* TO DO *
Every record below should be repeated exactly. Omit the pictures.

* DATASET *
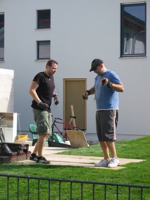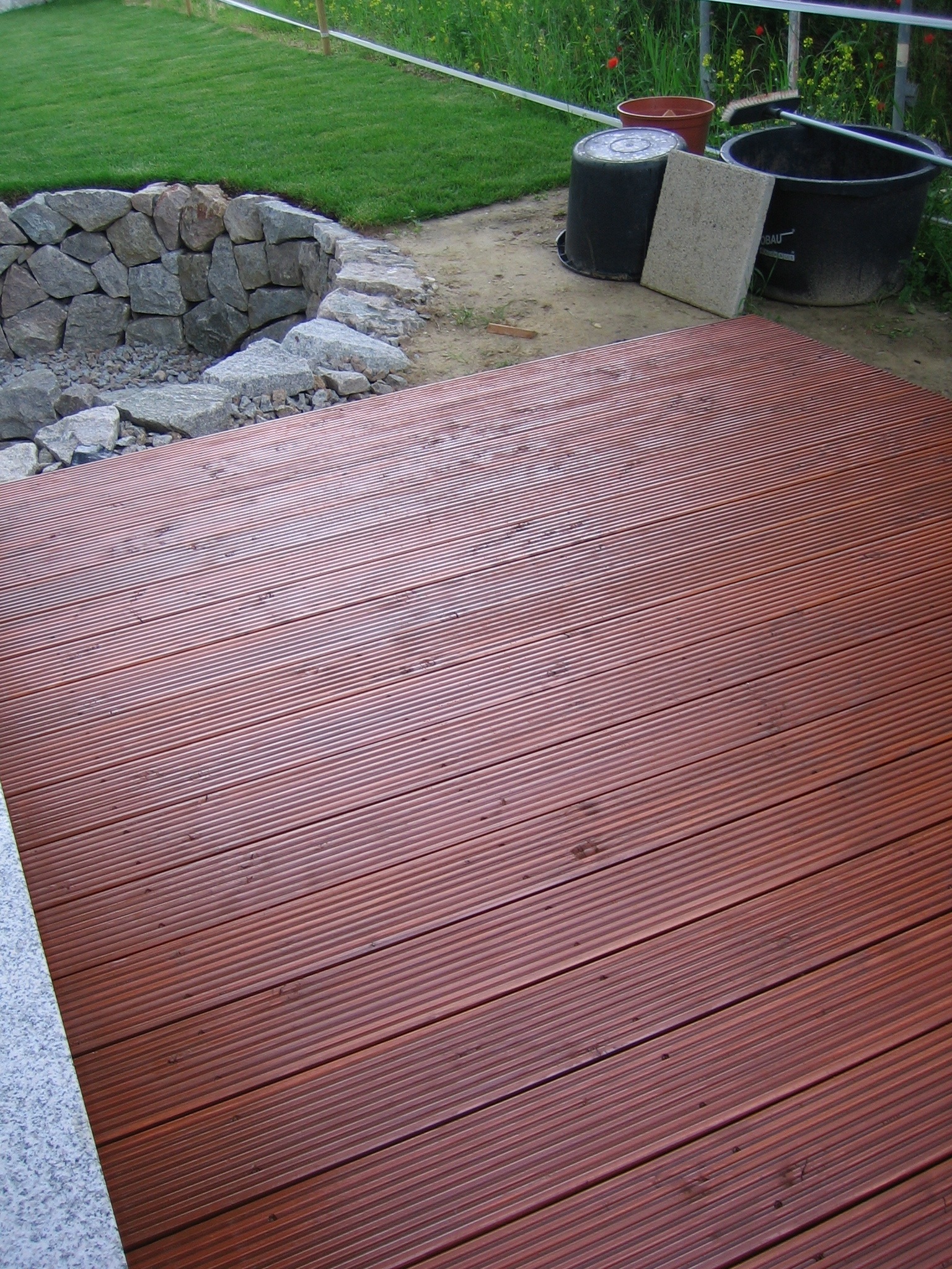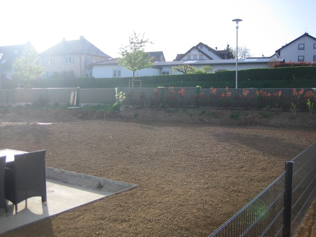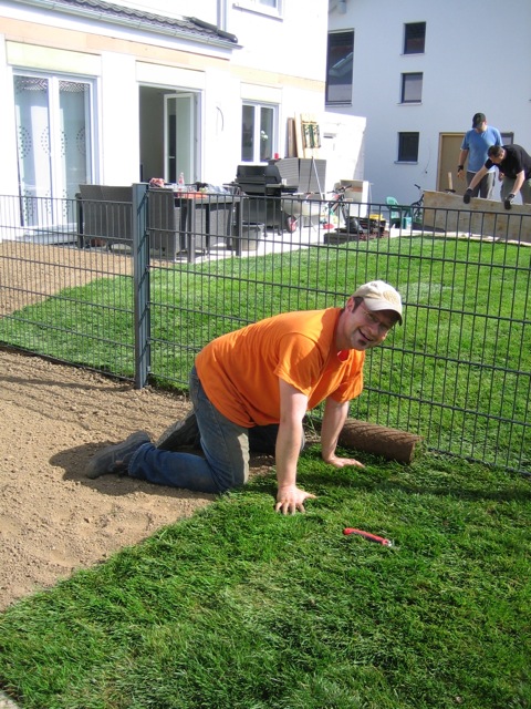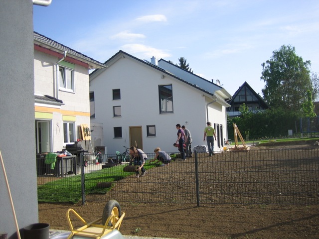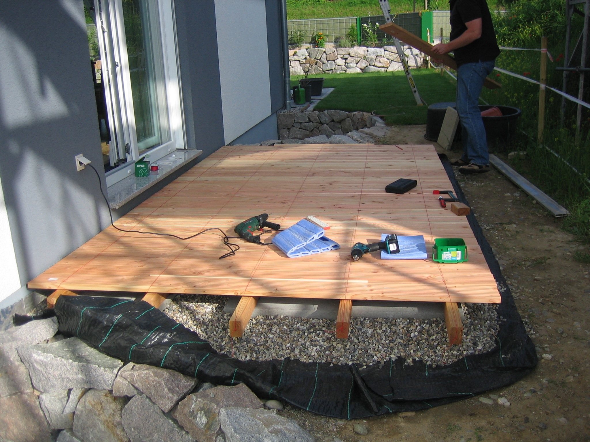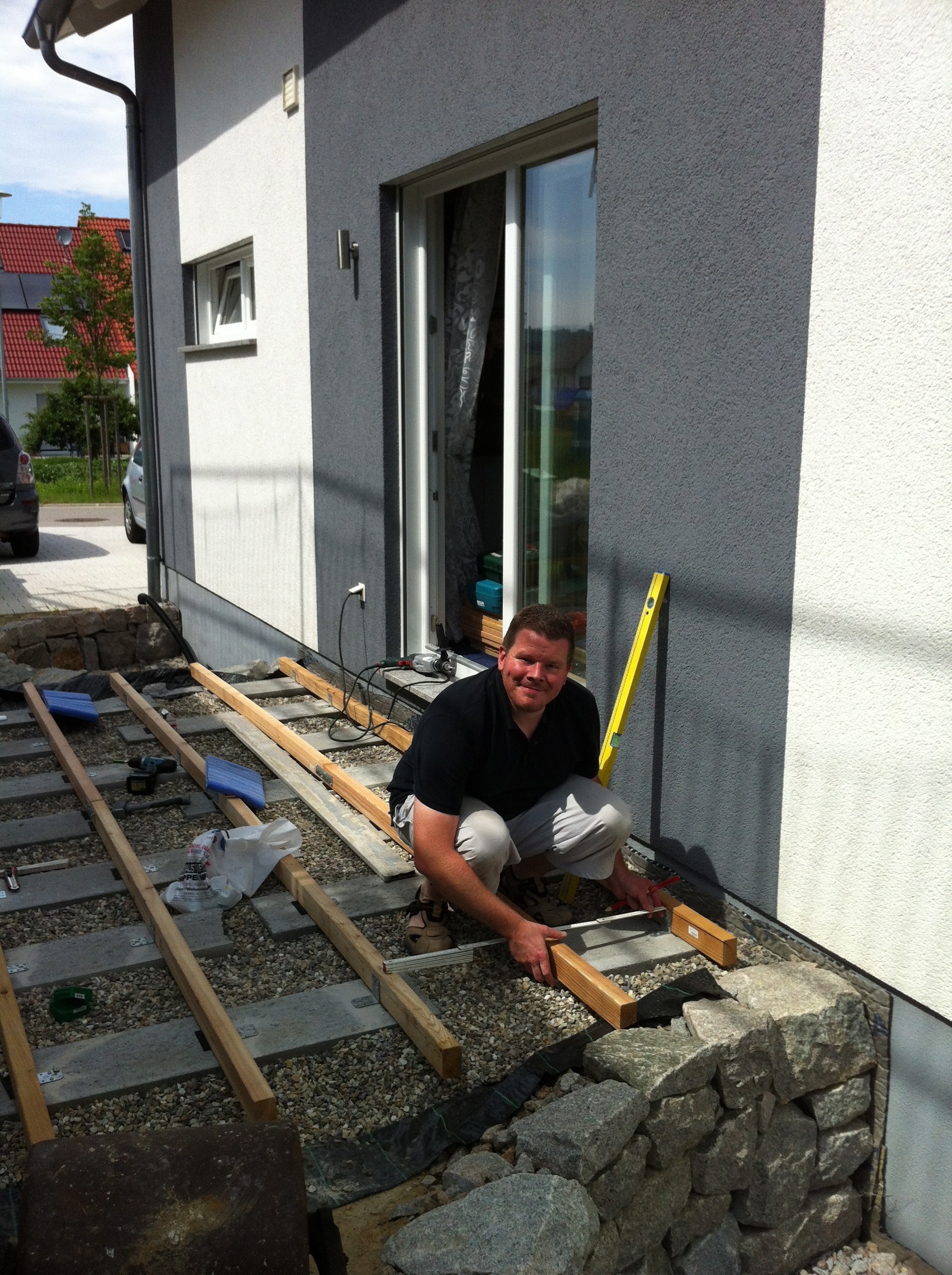 Nachdem der Rasen liegt, gewässert, gemäht und auch schon gedüngt wurde, ist es an der Zeit gewesen, ein weiteres Projekt in Angriff zu nehmen: Vor die zweite Terrassentür soll ein Holzdeck entstehen, die gemütliche Ecke für das Glas Rotwein am Abend soll es werden…
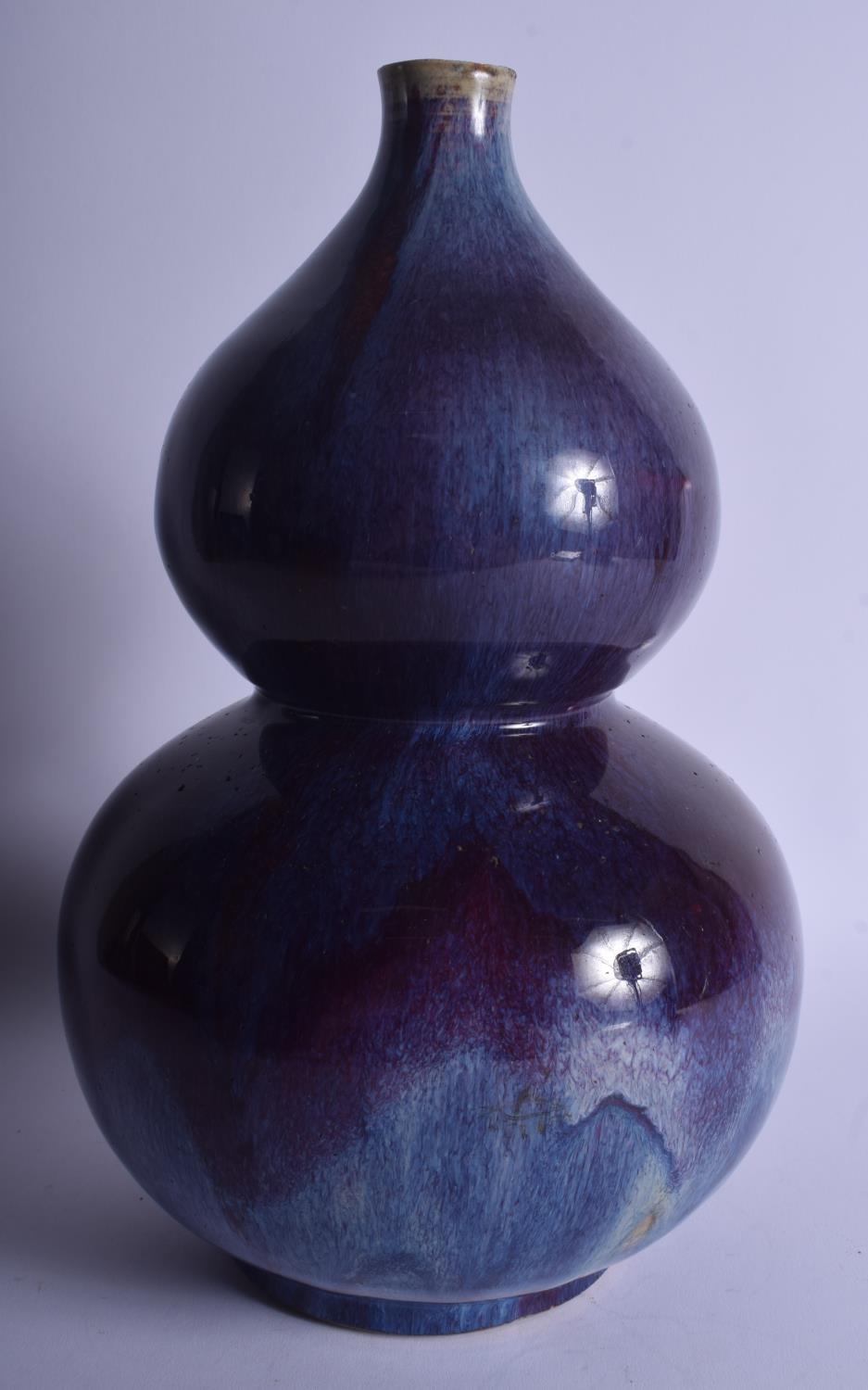A CHINESE QING DYNASTY DOUBLE GOURD FLAMBE GLAZED VASE Qianlong/Jiaqing, of lovely mottled purple tones. 33 cm x 17 cm.
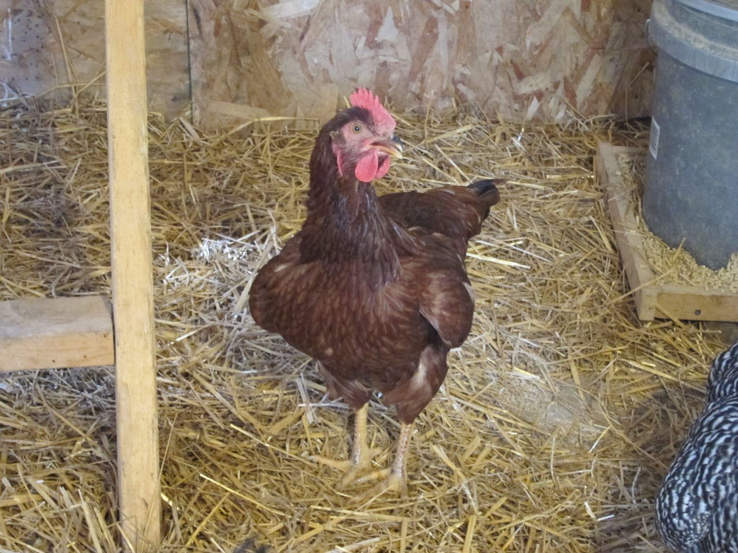 Mine is bit more skiddish but doesn't pick fights or is mean to the others. Do the RIR hens have red around their beaks too?
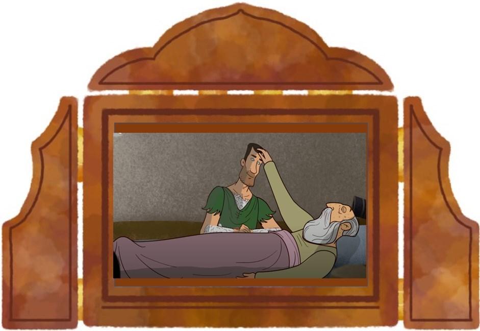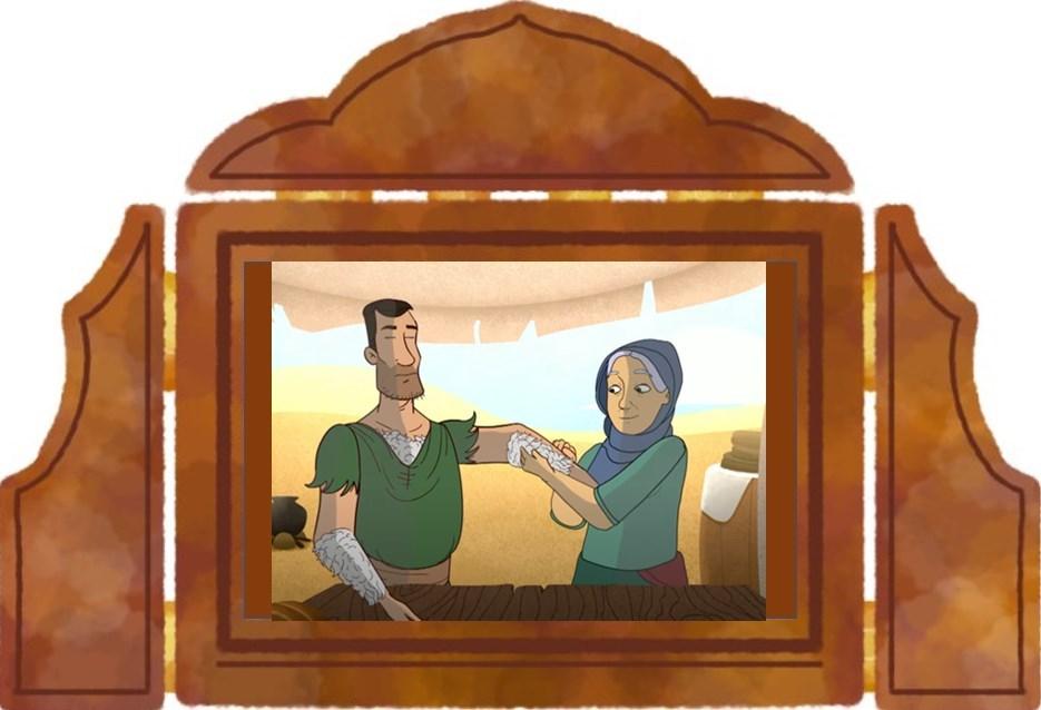 その間に、レベカは、ヤコブをエサウに似せて目の見えないイサクをだまそうと、毛深いエサウのようにヤコブの体にヤギの毛皮を巻きつけました。
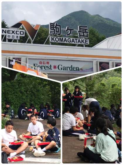 12時10分頃に駒ヶ岳サービスエリアに着きました。お弁当とお茶をもらって移動して、お昼ご飯を食べました。
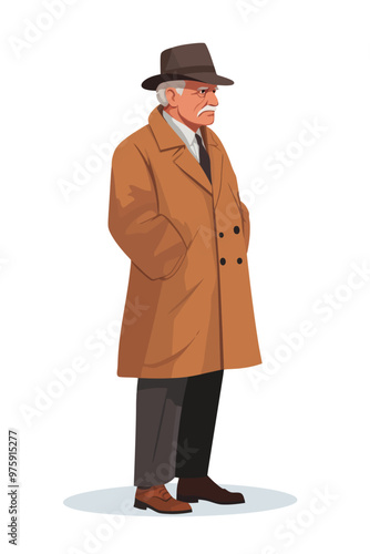 Detective in coat and hat with smoking pipe looking through magnifying glass portrait isolated on white background. Inspector engaged in investigation crime concept

* EXPECTED ANSWER *
 Nachdem der Rasen liegt, gewässert, gemäht und auch schon gedüngt wurde, ist es an der Zeit gewesen, ein weiteres Projekt in Angriff zu nehmen: Vor die zweite Terrassentür soll ein Holzdeck entstehen, die gemütliche Ecke für das Glas Rotwein am Abend soll es werden…
A CHINESE QING DYNASTY DOUBLE GOURD FLAMBE GLAZED VASE Qianlong/Jiaqing, of lovely mottled purple tones. 33 cm x 17 cm.
 Mine is bit more skiddish but doesn't pick fights or is mean to the others. Do the RIR hens have red around their beaks too?
 その間に、レベカは、ヤコブをエサウに似せて目の見えないイサクをだまそうと、毛深いエサウのようにヤコブの体にヤギの毛皮を巻きつけました。
 12時10分頃に駒ヶ岳サービスエリアに着きました。お弁当とお茶をもらって移動して、お昼ご飯を食べました。
 Detective in coat and hat with smoking pipe looking through magnifying glass portrait isolated on white background. Inspector engaged in investigation crime concept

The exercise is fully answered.